═════ Source data

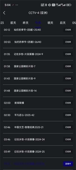 4、当(dang)然(ran)软件内肯定是少不了节目单的在这可以看到xxx节目在不在直播什么时候结束。
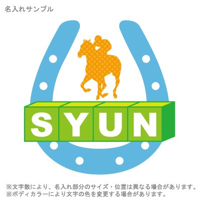 - 馬がジャンプしてるポップなイラストです。名前ブロックもかわいいね
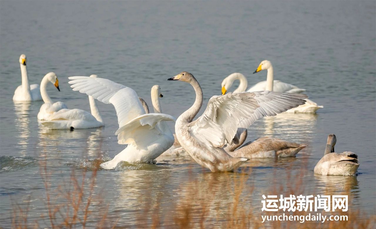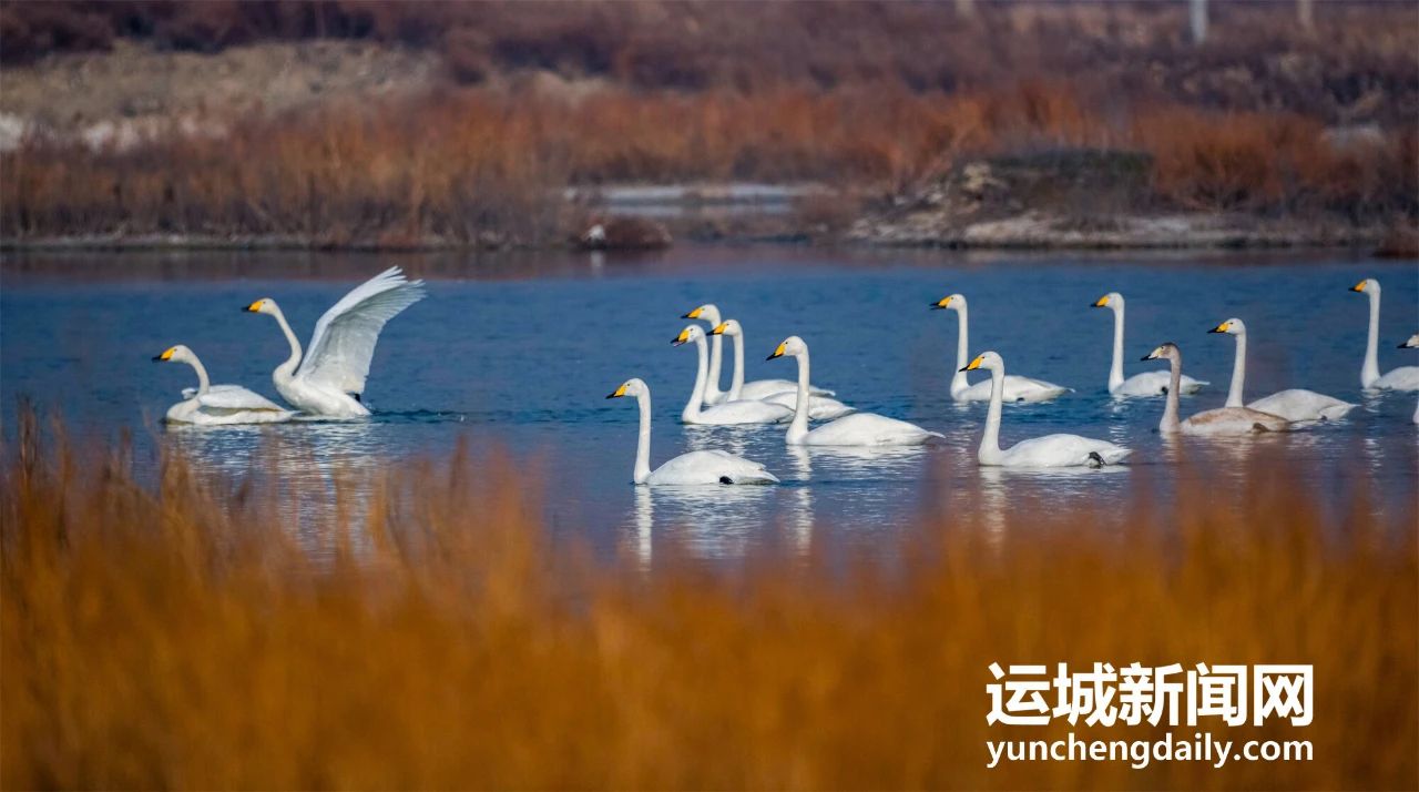 冬日時(shí)節(jié),近百只天鵝飛抵鹽湖濕地棲息越冬,它們時(shí)而嬉戲、時(shí)而飛翔,成為冬日鹽湖一道靚麗的風(fēng)景,吸引眾多游客前來(lái)觀(guān)賞。

══════════

Set down the data above verbatim, omitting every image.

 4、当(dang)然(ran)软件内肯定是少不了节目单的在这可以看到xxx节目在不在直播什么时候结束。
 - 馬がジャンプしてるポップなイラストです。名前ブロックもかわいいね
 冬日時(shí)節(jié),近百只天鵝飛抵鹽湖濕地棲息越冬,它們時(shí)而嬉戲、時(shí)而飛翔,成為冬日鹽湖一道靚麗的風(fēng)景,吸引眾多游客前來(lái)觀(guān)賞。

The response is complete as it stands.